Participants were drawn from the customer base of 23andMe, Inc., a personal genetics company (accessed February 6, 2015). All participants provided informed consent under a protocol approved by an external AAHRPP-accredited IRB, Ethical & Independent Review Services (E&I Review). DNA extraction and genotyping were performed on saliva samples by National Genetics Institute (NGI), a CLIA-licensed clinical laboratory and a subsidiary of Laboratory Corporation of America. Samples were genotyped on one of four Illumina platforms (V1-V4) as described previously [Bryc 2015]. Of the PRNP SNPs considered, two (P105L and E200K) were genotyped on all four platforms while the other 14 were genotyped only on V3 and V4, resulting in differing numbers of total samples genotyped (Table S5). Genotypes were called with Illumina GenomeStudio.
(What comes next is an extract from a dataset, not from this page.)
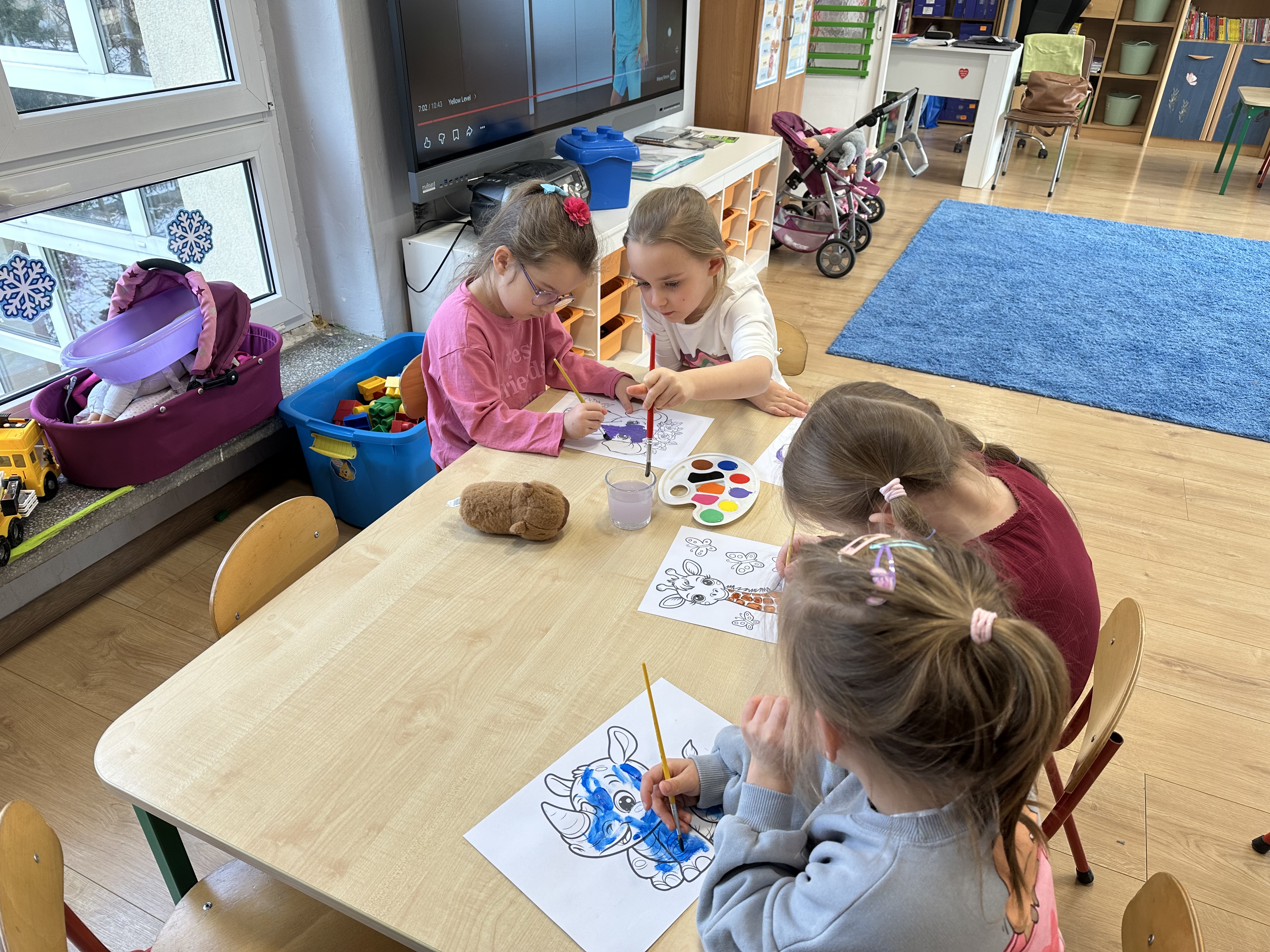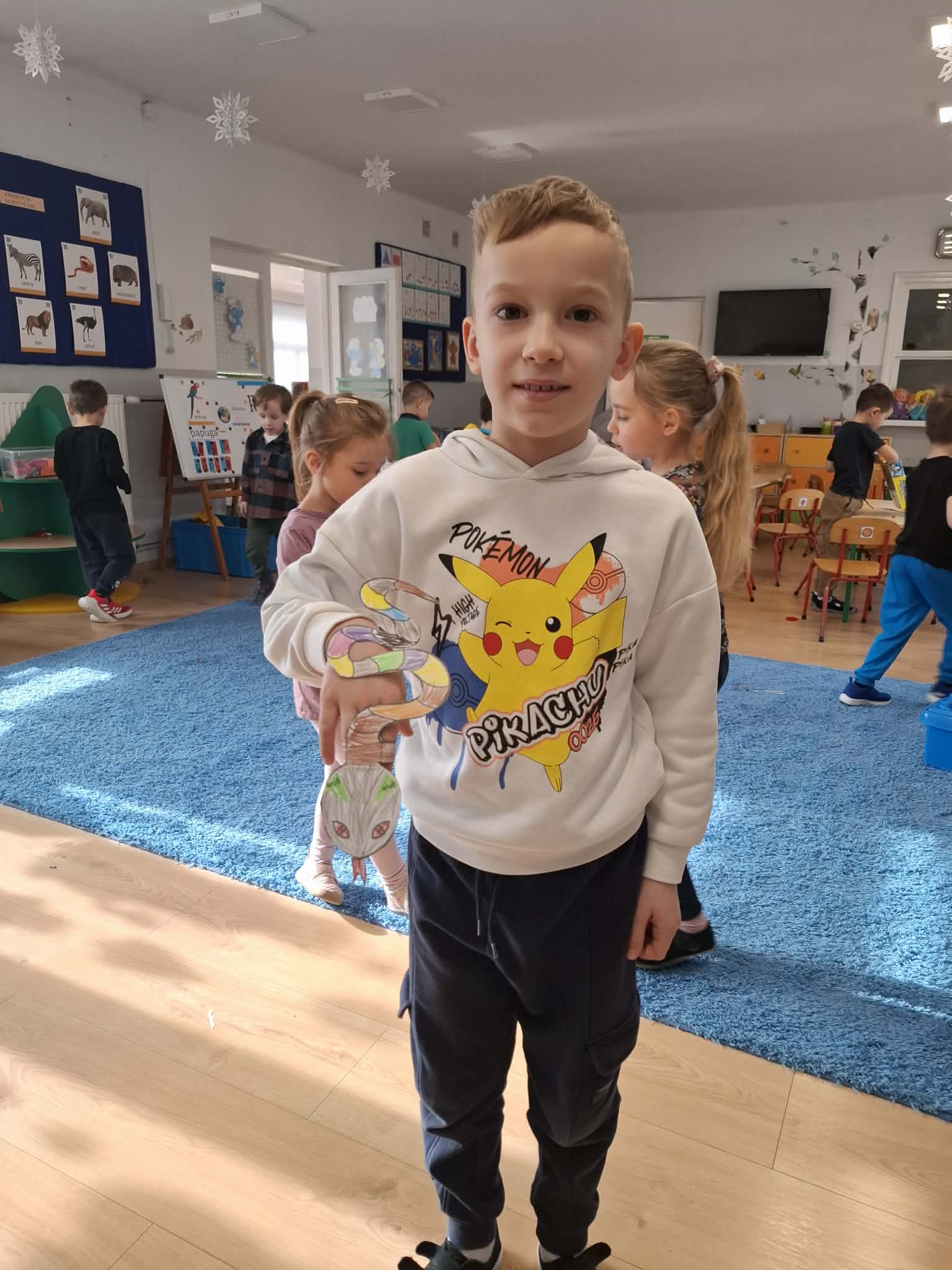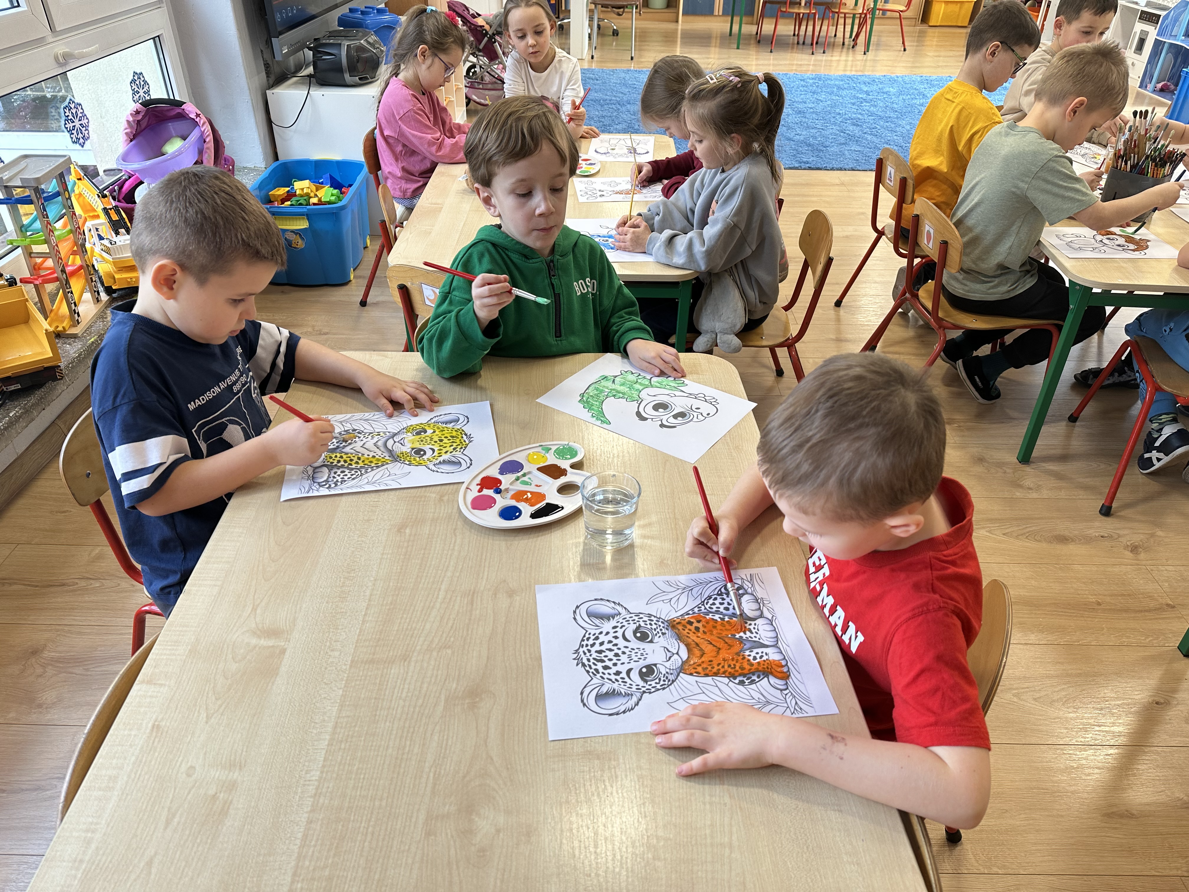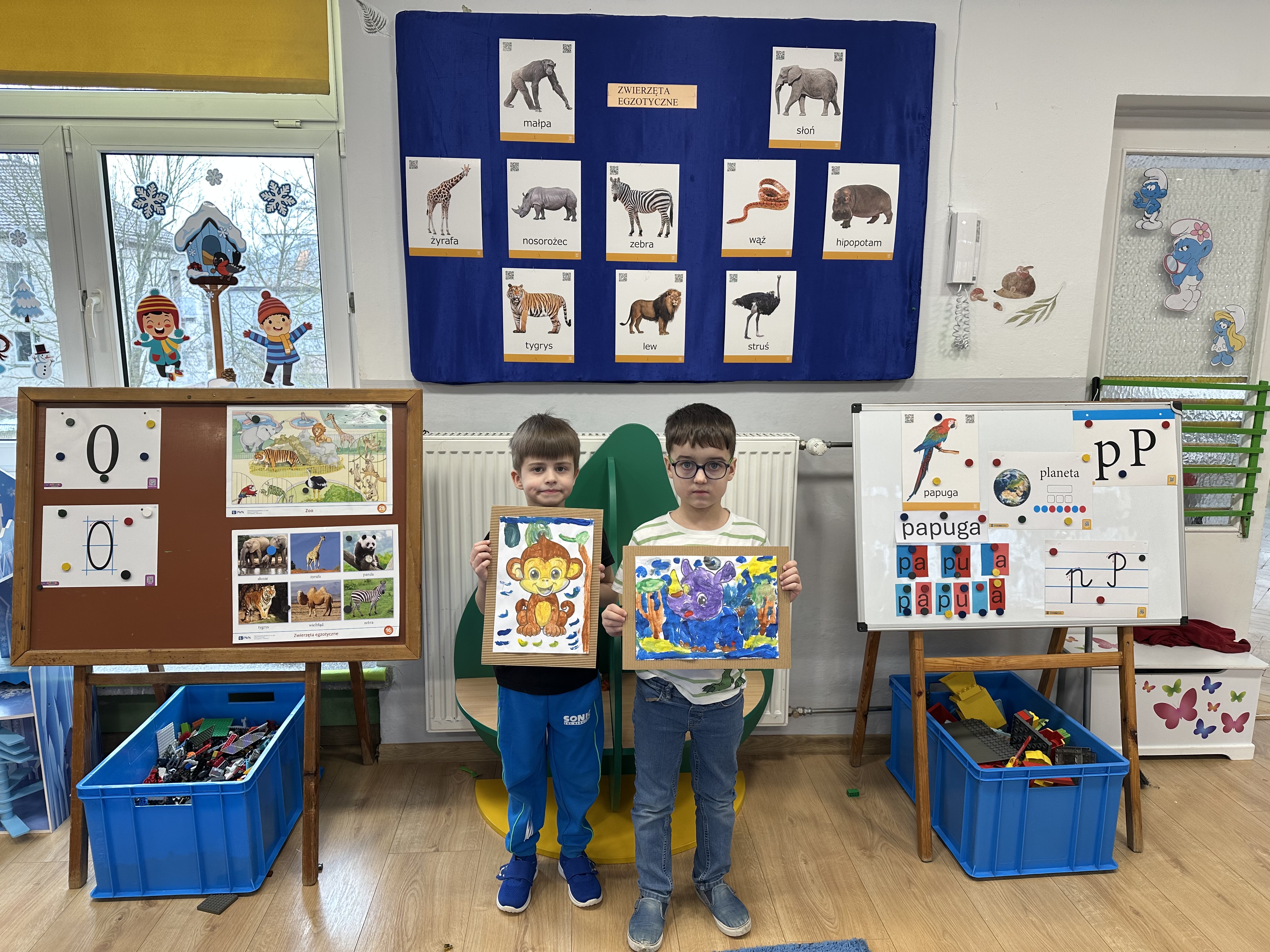 W minionym tygodniu podczas zajęć dzieci nie tylko rozmawiały o zwierzętach egzotycznych, lecz także rozwijały umiejętności nazywania i rozpoznawania emocji. Dodatkowo nauczyły się nowej powitanki pt. ,,Zwierzęta egzotyczne”, którą każdego poranka ilustrowały ruchem.

A 98.5% call rate were required for all samples. As with all 23andMe research participants, individuals whose genotyping analyses failed to reach the desired call rate repeatedly were recontacted to provide additional samples. A maximal set of unrelated individuals was chosen based on segmental identity-by-descent (IBD) estimation [Durand 2014a]. Individuals were defined as related if they shared more than 700 cM IBD (approximately the minimal expected sharing between first cousins). Allele counts between 1 and 5 were rounded up to 5 to protect individual privacy (Table S5). Rounding down to 1 instead would raise our estimates of penetrance for V180I to 7.7% (95%CI, 1.2% - 50%) and for P102L, A117V, D178N and E200K collectively to 100% (95%CI, 100% - 100%), but the confidence intervals would still overlap those based on ExAC allele frequencies, and the overall conclusions of our study would remain unchanged.
Ancestral origins of chromosomal segments were assigned on a continental level (European, Latino, African, and East Asian) and a country level (Japanese) as described by Durand et al [Durand 2014b]. Briefly, after phasing genotypes using an out-of-sample implementation of the Beagle algorithm [Browning & Browning 2007], a string kernel support vector machine classifier assigns tentative ancestry labels to local genomic regions. Then an autoregressive pair hidden Markov model was used to simultaneously correct phasing errors and produce reconciled local ancestry estimates and confidence scores based on the initial assignment. Finally, isotonic regression models were used to recalibrate the confidence estimates.
Europeans and East Asians were defined as individuals with more than 97% of chromosomal segments predicted as being from the respective ancestries. Because African Americans and Latinos are highly admixed, no single threshold of genome-wide ancestry is sufficient to distinguish them. However, segment length distributions of European, African, and Native American ancestries are different between African Americans and Latinos, due to distinct admixture timing in the two ethnic groups. Thus, a logistic classifier based on segment length of European, African, and Native American ancestries was used to distinguish between African Americans and Latinos.
At the country level, individuals were classified as Japanese based on the fraction of the respective local ancestry using a threshold of 90% for classifying Japanese ancestry. This threshold is based on the average fraction of local ancestry in the reference population (23andMe research participants with all four grandparents from the reference country): 94% (5% SD, N=533) for Japanese. Using the same approach, we were unable to obtain a confident set of Italian individuals for analysis of V210I due to extensive admixture. 23andMe research participants with all four grandparents from Italy only have 66% (18% SD, N=2090) Italian ancestry, and only ~60 participants have >90% Italian ancestry.
We computed ten principal components based on ~5,800 common SNPs as described [Purcell 2014, Lek 2015]. A centroid in eigenvalue-weighted principal component space was generated for each HapMap population based on 1000 Genomes individuals in ExAC. The remaining individuals in ExAC were assigned to the HapMap population with the nearest centroid according to eigenvalue-weighted Euclidean distance. Ancestries of all individuals, including those with reportedly pathogenic variants, are summarized in (Tables S7, S8).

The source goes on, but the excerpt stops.